Records drawn from a dataset
################
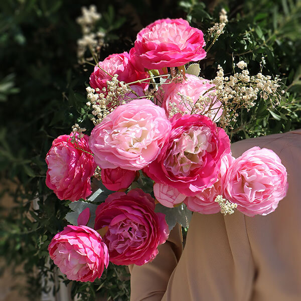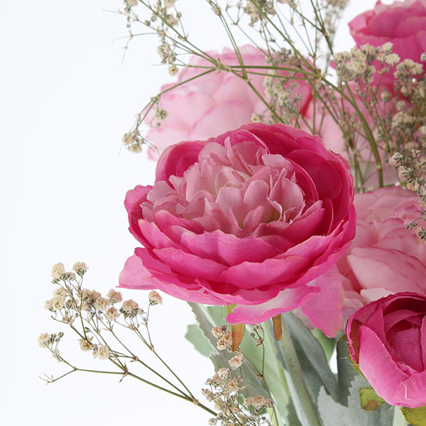 Le bouquet Ballet séduit par l’élégance de ses renoncules artificielles aux pétales soyeux, déclinées dans des nuances raffinées de fuchsia et de rose poudré. Subtilement rehaussé de gypsophile séché, il évoque la délicatesse d’un arrangement floral romantique et intemporel.
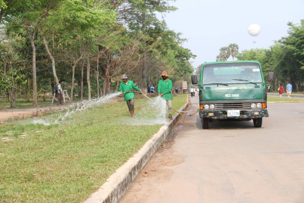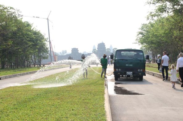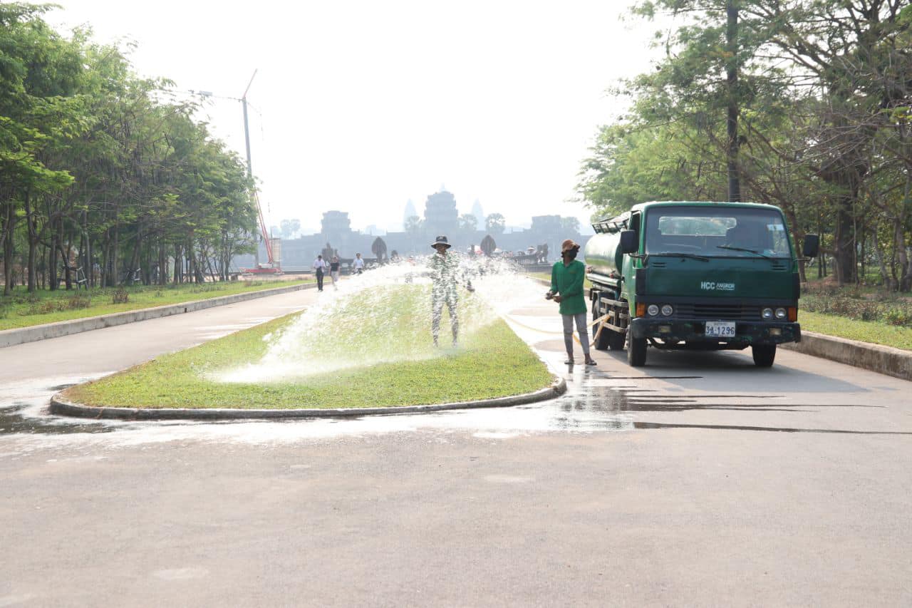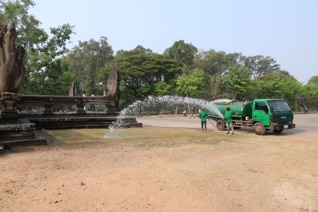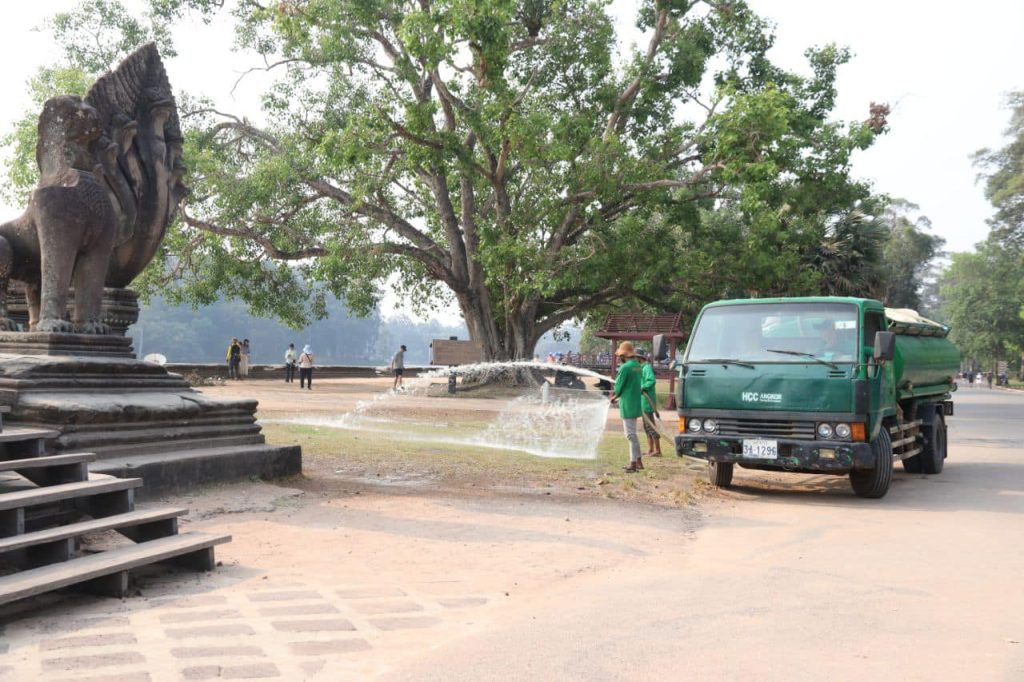 រដូវប្រាំងចូលមកដល់ បានធ្វើឱ្យស្មៅនិងរុក្ខជាតិមួយចំនួនក្រៀមស្វិតស្រពោននៅក្នុងតំបន់រមណីយដ្ឋានអង្គរ ប៉ុន្តែទោះជាយ៉ាងណា ក៏អាជ្ញាធរជាតិអប្សរាបានប្រឹងប្រែងថែទាំស្រោចស្រពស្មៅនៅតាមសួនកសិន្ធុប្រាសាទអង្គរវត្តឱ្យនៅតែមានពណ៌បៃតង។ ក្នុងនោះដែរ ចំពោះវាលស្មៅនៅក្នុងបរិវេណប្រាសាទអង្គរវត្ត ក៏អាជ្ញាធរជាតិអប្សរា បានរៀបចំប្រព័ន្ធស្រោចស្រពវាលស្មៅទាំងនោះផងដែរ។
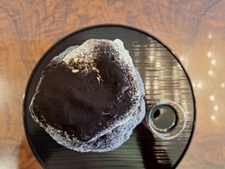 友人の天然氷のかき氷が食べたい!とのリクエストで、10時半過ぎに到着。既に三組の方が整理券を取られており、まだまだかき氷が恋しい時期の模様。並んでる間もどれにしようか悩みまくって、『黒胡麻ミルクマスカルポーネ1550円』をチョイス。運ばれてきたかき氷はグレー&ブラック。なんともなかなかかき氷で見ないお色。一口口に含むと、胡麻のお味と香りが濃厚で絶品‼ふわっふわのマスカルポーネとも良い相性で美味しすぎます☆中心には香ばしいクルミも潜んでおり、食感、味ともにぴったり‼友人は白桃ミルクをチョイスしていましたが、都内で食べたものに比べてとても美味しく残すこと無くペロリと食べられちゃった‼と大喜びでした♪まだまだこの時期でも人気のかき氷、様々種類があるので、ぜひまたお邪魔したいです^^
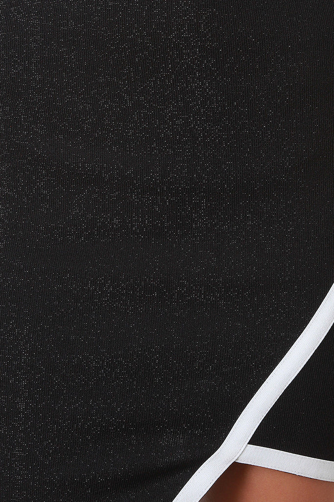 This bodycon dress features ribbed knit with shimmer accent, contrast color trim, round neckline, spaghetti straps, back keyhole cutout with single button closure at nape, and asymmetrical hemline. Accessories sold separately. Made in U.S.A. 84% Polyester, 13% Metallic, 3% Spandex.
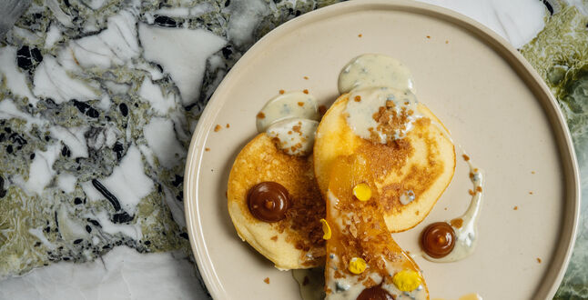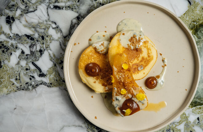 Интересные твисты у шефа получились на пиццу и пасту, например блины а-ла качо э пепе с тартаром из свежей креветки и соусом биск (750 рублей), блинная лазанья с мясным рагу и соусом бешамель (780 рублей) и панкейки с томленой грушей и сыром горгонзола, посыпанные вафельной крошкой, карамелью и лепестками цветов (500 рублей).
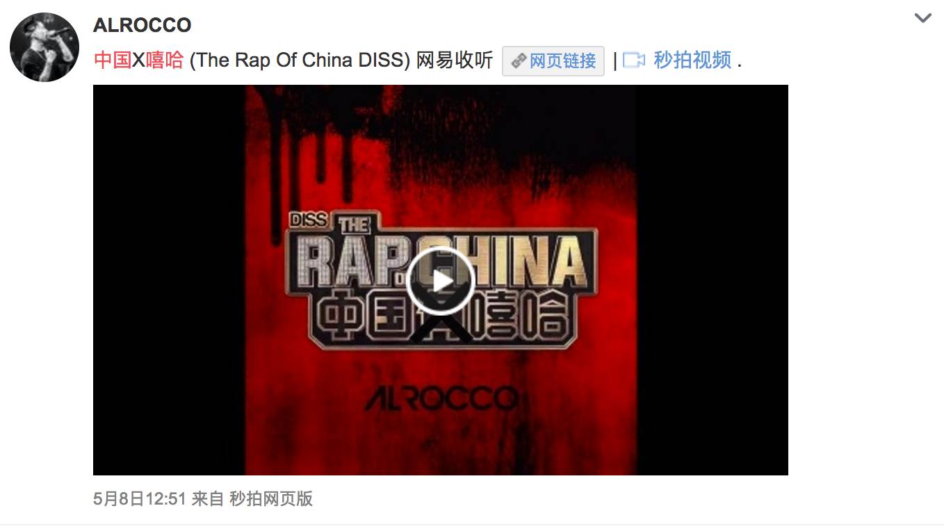被淘汰的圈内著名rapper ALROCCO在海选后出了一首diss曲,已经被播放65万次
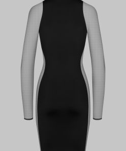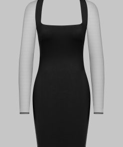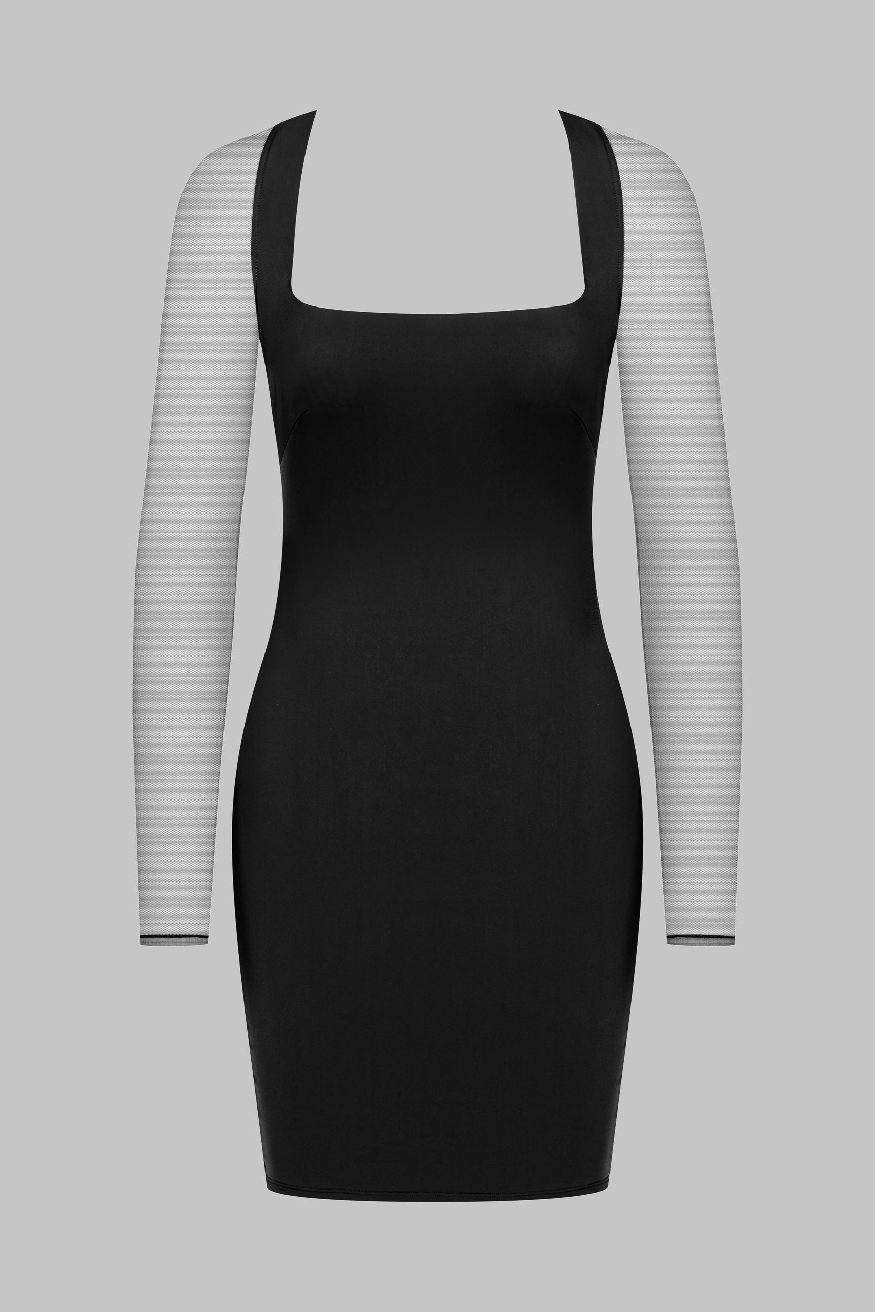 This mini dress stands out for its dual-material structure. Made from opaque stretch jersey with sheer tulle strips at the sides to elegantly accentuate the silhouette. Long sheer sleeves add a feminine touch to this fitted dress. The square neckline, inspired by the Italian style, creates an uplifted effect for a sophisticated look.
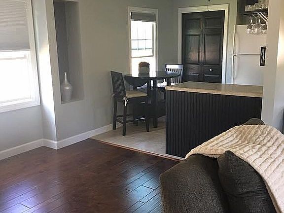 Updated two bedroom, one bathroom centrally located in Davenport near St. Ambrose and Genesis! - Private patio. -One car garage with two off-street parking spaces. -New hardwood floors in main living space. -New carpet and paint in bedrooms. -Full basement with washer and dryer. -Refrigerator, gas stove, dishwasher and microwave stay. -Central air conditioning and a natural gas forced air furnace. -Fenced in backyard.
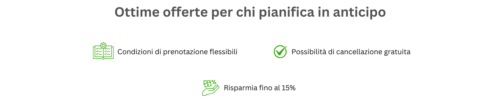 Le nostre offerte speciali "Early booking" e gli sconti fino al -15% comprendono:
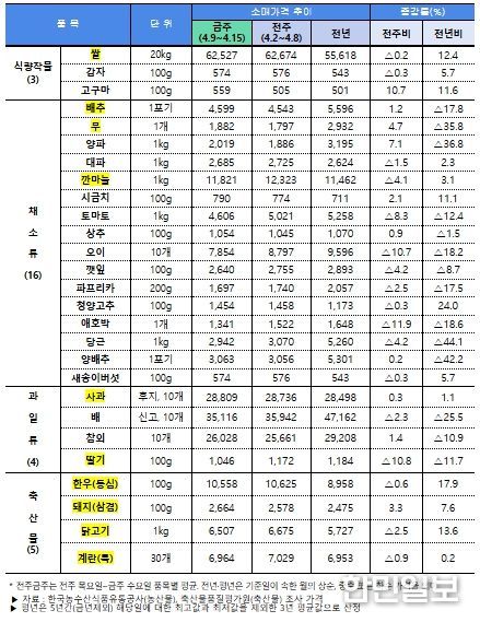 점검 결과, 농산물은 대다수 품목이 전년 대비 낮은 수준이다. 특히, 양파, 양배추, 당근 등 노지채소류는 가격이 큰 폭으로 하락함에 따라 시장격리, 정부 비축물량 출하정지와 함께 소비촉진을 추진하고 있다.
################
Task description: Reproduce exactly the lines of the entries above from the first through the line with "友人の天然氷のかき氷が食べた", both included; pictures should not be reproduced.

Answer to this problem:
 Le bouquet Ballet séduit par l’élégance de ses renoncules artificielles aux pétales soyeux, déclinées dans des nuances raffinées de fuchsia et de rose poudré. Subtilement rehaussé de gypsophile séché, il évoque la délicatesse d’un arrangement floral romantique et intemporel.
 រដូវប្រាំងចូលមកដល់ បានធ្វើឱ្យស្មៅនិងរុក្ខជាតិមួយចំនួនក្រៀមស្វិតស្រពោននៅក្នុងតំបន់រមណីយដ្ឋានអង្គរ ប៉ុន្តែទោះជាយ៉ាងណា ក៏អាជ្ញាធរជាតិអប្សរាបានប្រឹងប្រែងថែទាំស្រោចស្រពស្មៅនៅតាមសួនកសិន្ធុប្រាសាទអង្គរវត្តឱ្យនៅតែមានពណ៌បៃតង។ ក្នុងនោះដែរ ចំពោះវាលស្មៅនៅក្នុងបរិវេណប្រាសាទអង្គរវត្ត ក៏អាជ្ញាធរជាតិអប្សរា បានរៀបចំប្រព័ន្ធស្រោចស្រពវាលស្មៅទាំងនោះផងដែរ។
 友人の天然氷のかき氷が食べたい!とのリクエストで、10時半過ぎに到着。既に三組の方が整理券を取られており、まだまだかき氷が恋しい時期の模様。並んでる間もどれにしようか悩みまくって、『黒胡麻ミルクマスカルポーネ1550円』をチョイス。運ばれてきたかき氷はグレー&ブラック。なんともなかなかかき氷で見ないお色。一口口に含むと、胡麻のお味と香りが濃厚で絶品‼ふわっふわのマスカルポーネとも良い相性で美味しすぎます☆中心には香ばしいクルミも潜んでおり、食感、味ともにぴったり‼友人は白桃ミルクをチョイスしていましたが、都内で食べたものに比べてとても美味しく残すこと無くペロリと食べられちゃった‼と大喜びでした♪まだまだこの時期でも人気のかき氷、様々種類があるので、ぜひまたお邪魔したいです^^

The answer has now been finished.